學習編程就像學習騎自行車一樣，對新手來說最重要的是持之以恆的練習。
在《汲取地下水》這一章節中看見的一句話：“別擔心自己的才華或能力不足。持之以恆地練習，才華便會有所增長”，現在想來，真是如此。

二、需求

具體參考我昨日爬蟲：【每日爬蟲】：給自己打造一個溫馨的家，面朝大海，春暖花開

三、技術路線

import requests 
import random, os, sys
from bs4 import BeautifulSoup  # 數據解析之BeautifulSoup4庫
import re,time  # 正則表達式
from concurrent.futures import ThreadPoolExecutor   # 線程池

關於線程池可以參考我免費專欄：python多線程與多進程編程
關於 requests 和 BeautifulSoup模塊可以關注我免費專欄：爬蟲學習筆記

四、線程池爬取2萬張裝修效果圖

'''
    線程池爬土巴兔裝修效果圖，按分類爬取

    version:02
    author：金鞍少年
    Blog：https://jasn67.blog.csdn.net/
    date：2020-04-08


    可以按照這個思路將所有涉及到網絡請求，添加到異步線程池中，這樣速度更快，但是對目標網站不友好，高頻請求可能會導致被封IP

'''
import requests
import random, os, sys
from bs4 import BeautifulSoup
import re,time
from concurrent.futures import ThreadPoolExecutor


class House_renderings():
    def __init__(self):
        self.pool = ThreadPoolExecutor(10)  # 開10個線程的線程池
        self.is_running = True   # 當is_running爲True時，說明程序還在運行
        # 戶型
        self.house_lis = '''
                        ------- 請選擇戶型 ---------
                        1:一居室
                        2:兩居室
                        3:三居室
                        4:四居室及以上
                        5:複式
                        6:別墅豪宅
                        7:其他
                        8:退出
                        '''

        self.headers = {
            'User-Agent': 'Mozilla/5.0 (Windows NT 10.0; Win64; x64) AppleWebKit/537.36 (KHTML, like Gecko) Chrome/79.0.3945.130 Safari/537.36',
            'Referer': 'https://xiaoguotu.to8to.com/'
        }

        # 代理ip
        self.all_proxies = [
            {'http': '183.166.20.179:9999'}, {'http': '125.108.124.168:9000'},
            {'http': '182.92.113.148:8118'}, {'http': '163.204.243.51:9999'},
            {'http': '175.42.158.45:9999'}]  # 需要自行去找一些免費的代理,參考我其他博客案例

        self.path = './res/'  # 本地存儲目錄

    # 獲取HTMl
    def get_html(self, url):
        try:
            result = requests.get(url=url, headers=self.headers, proxies=random.choice(self.all_proxies))
            result.raise_for_status()  # 主動拋出一個異常
            html = BeautifulSoup(result.text, 'lxml')
            return html
        except:
            print('鏈接失敗！
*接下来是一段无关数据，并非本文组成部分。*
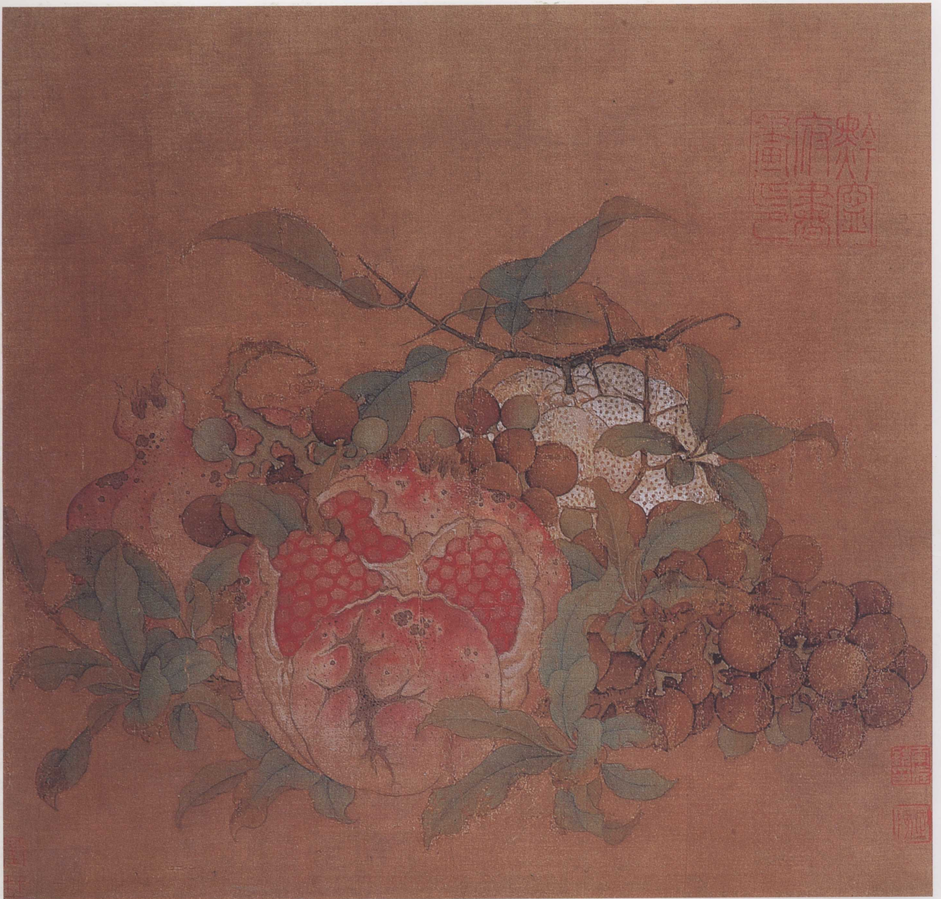
宋 鲁宗贵 吉祥多子图
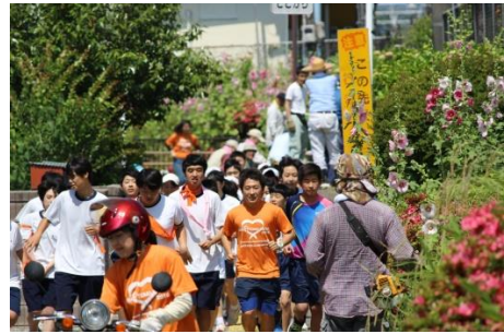
駅前を清掃中の自治会の方に見送られ通学路の挨拶道路へと進みます
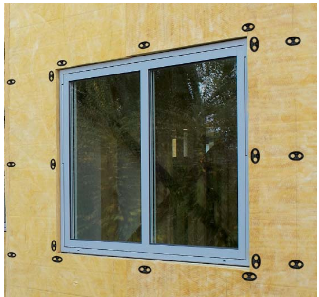
Färdigmonterade ISOVER IsoPigg på ISOVER Easy Fasadskiva 32
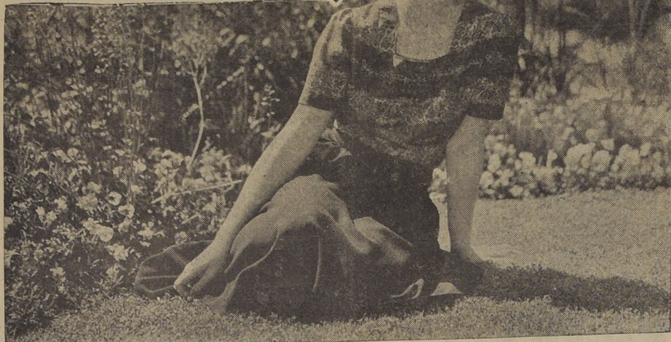
Myrna Loy, actriz de la M. G. M., más bella que nunca en su quinta de California.
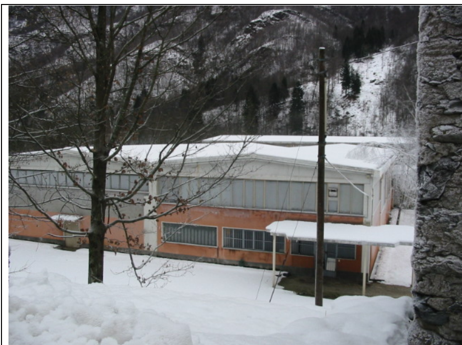
Foto n. 8 Stabilimenti della Ditta “Poli” lungo la Strada Semiprovinciale Varallo-Fobello
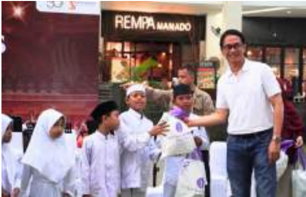
Adinda Bakrie Foundation Dukung Konser 30 Tahun Twilite Chorus Bersama 100 Anak Yatim & Dhuafa
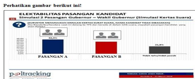
GAMBAR 3. Konteks Masalah pada LKS Pertemuan Ketiga

Melalui pertemuan ketiga ini, siswa sudah dapat mengembangkan pemahamannya tentang peluang empirik. Siswa dapat mengeksplorasi pengetahuannya yang telah di dapat pada pertemuan sebelumnya dan siswa dapat memilih atau menggunakan prosedur yang sesuai dalam menyelesaikan soal yang berkaitan dengan peluang.
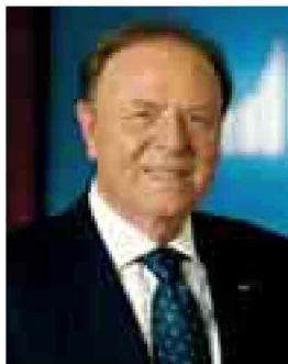
Ennio Doris spiega il successo di un modello che è riuscito a battere la crisi

M ediolanum non sente la crisi e archivia il 2012 con risultati mai visti prima. L'utile netto si è più che quadruplicato raggiungendo quota 351 milioni di euro (+422%) mentre le masse gestite e amministrati sono cresciute del 12% a 51,6 miliardi. Il tutto con un ritorno agli azionisti di 18 centesimi per azione (0,10 cent dei quali già distribuiti a novembre a titolo di acconto)*.
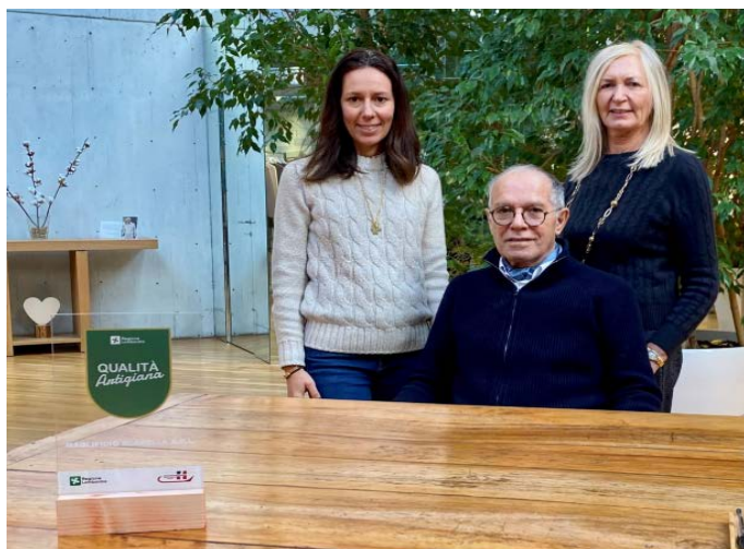
MAGLIFICIO ROSSELLA SRL
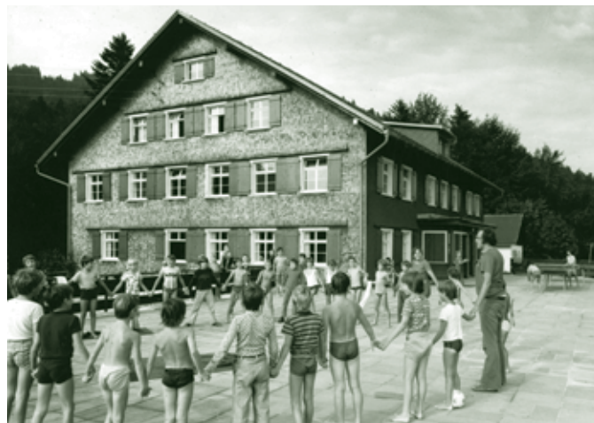
Kreisspiele auf der Terrasse des Ferienheims Maien, 1970er

Der absolute Höhepunkt des Maien-Aufenthaltes war der Abschlussabend im Turnsaal, so zwei Tage vor der Abreise. Dafür wurde auch mit Feuereifer tagelang gebastelt, anprobiert und geprobt. Die
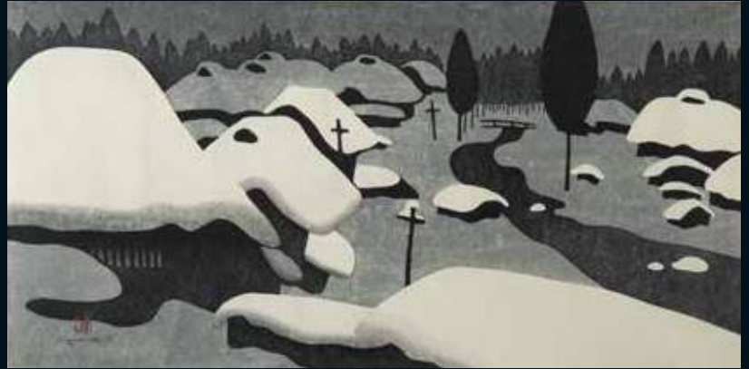
会津の冬 (35) 八木沢／齋藤清 1978年 木版 Winter in Aizu (35) Yagisawa
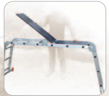
EN OPTION : plateau pliable en bois (dimension 29,5 x 161 cm)
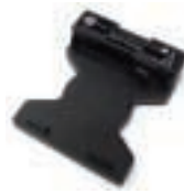
电池充电座 P/N IO620-CHARGER
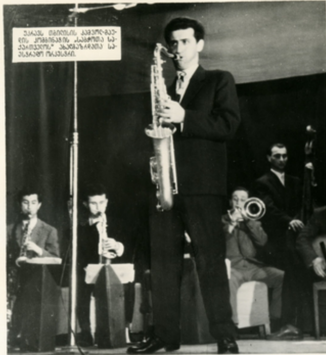
ՀԱՅԱՍՏԱՆԻ ՄԱՅՈՒՆԻՆ ԿԱՅՈՒՐ-ՃԱՅՐԻՆ ԳՐԱԳՐԱԿԱՆՈՒԹՅԱՆ ԿԱՆՈՒՅՈՒՄԻ ՆԱԽՅԱՆՆԵՐԻ ՆԱԽՆՆԱԿԱՆ ԿՈՆՍԱԿՐԻ ԴԱՆՆԱԿԻ:
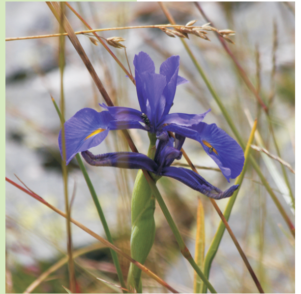
Lirio de montaña ( Iris latifolia )
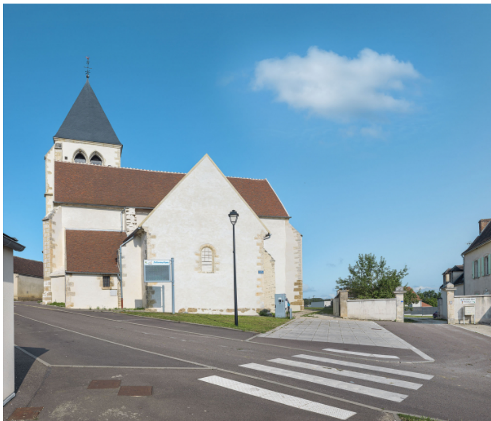
Vue d'ensemble depuis le chevet.
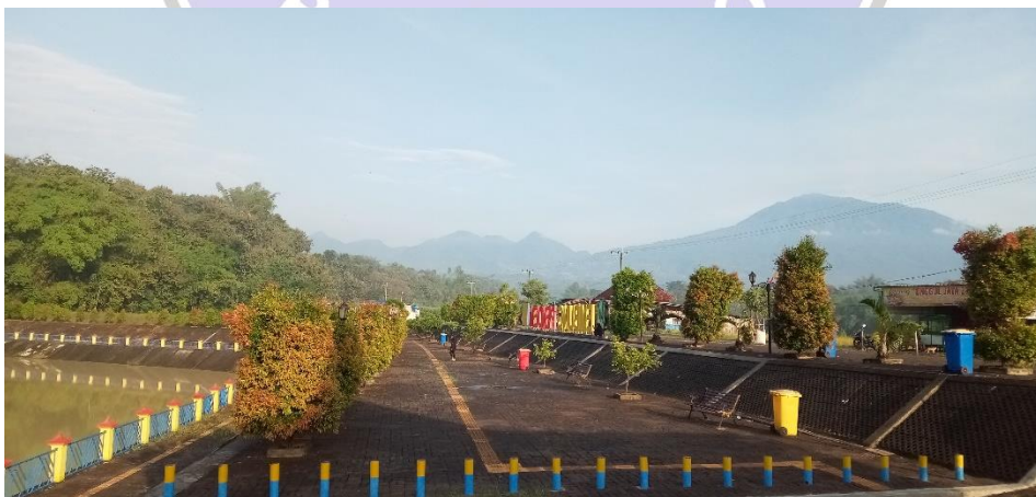
Gambar 6 Embung Pendem
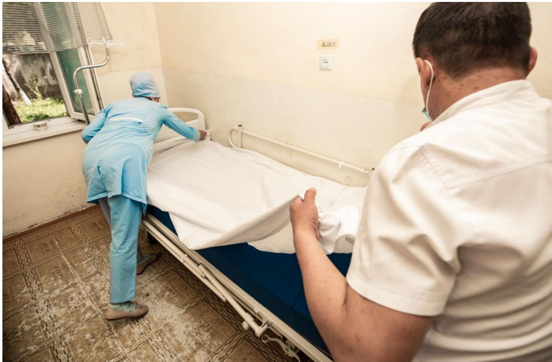
Медицинский персонал Шахринавской больницы, одной из тринадцати больниц, участвующих в проекте, застилает новую медицинскую кровать для пациентки, нуждающихся в стационарном лечении. 11 мая 2021 года, Таджикистан.
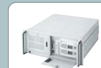
19" Industrial PC
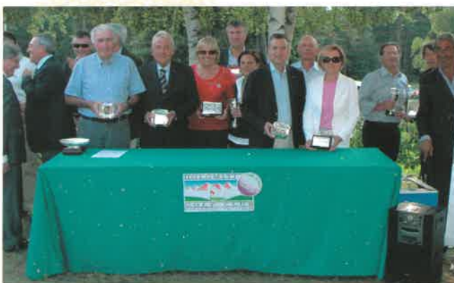
Il gruppo dei premiati
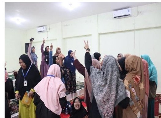
Gambar 8. Games
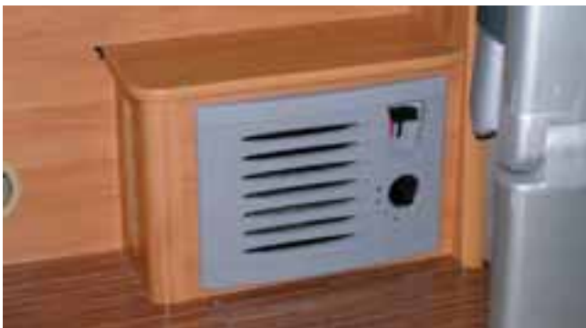
■ Im Luxuspaket enthalten ist ein zusätzlicher Wärmetauscher der Fahrzeugheizung im Wohnraum, gut für Fahrten zum Wintercamping.

bequem. Umso bequemer dagegen die Sitze im Führerhaus, Adria-Komfortsitze nennen sich die Möbel, haben die gleichen Bezüge wie die Wohnraumsitze, Armlehnen und leichtgängige Lehnenverstellung. Ihre Drehsockel sind so flach, dass der Blick durch die Windschutzscheibe auch für über 180 cm große Urlauber nicht getrübt wird.

')

    # 獲取分頁url
    def get_page_urls(self, url, html):
        try:
            Pages = list(html.find('div', class_="pages").find_all('a'))[-2].string
            for page in range(1, int(Pages) + 1):
                page_url = url+'p{}'.format(page)
                yield page_url
        except AttributeError:
            yield url

    # 獲取詳情頁面url
    def get_detail_urls(self, page_html):
        try:
            page_html = page_html.result()
            a_tag = page_html.find('div', class_="xmp_container").find_all('a', class_="item_img")
            for a in a_tag:
                detail_urls = 'https:' + a['href']
                self.pool.submit(self.get_html, detail_urls).add_done_callback(self.Save_detail_page)
        except Exception as e:
            print(e)

    # 獲取詳情頁內容,並保存到本地
    def Save_detail_page(self, detail_html):
        detail_html = detail_html.result()
        try:
            house_style = detail_html.find('ul', class_="tag_list xg_tag").find('a').string  # 裝修風格
            house_type = detail_html.find('ul', class_="tag_list xg_tag").find_all('a')[1].string  # 戶型
            atlas_name = detail_html.find('strong', id="fine_n").get_text()  # 圖集名
            atlas_name = re.sub(r"[\/\\\:\*\?\"\<\>\|]", "_", atlas_name)  # 轉義 Windows文件名中的非法字符方法

            file_path = self.path + house_type + '/' + house_style + '/' + atlas_name + '/'  # 拼接文件存儲路徑

            # 遞歸創建文件夾
            if not os.path.exists(file_path):
                os.makedirs(file_path)

            imgs = detail_html.find('div', class_="display-none").find_all('img')
            for index, img in enumerate(imgs):
                jpg = requests.get(img['src'], headers=self.headers, proxies=random.choice(self.all_proxies))
                with open(file_path + '%s.jpg' % (index + 1), 'wb')as f:
                    f.write(jpg.content)
                    print('{}-{}.jpg 保存成功！'.format(atlas_name, index))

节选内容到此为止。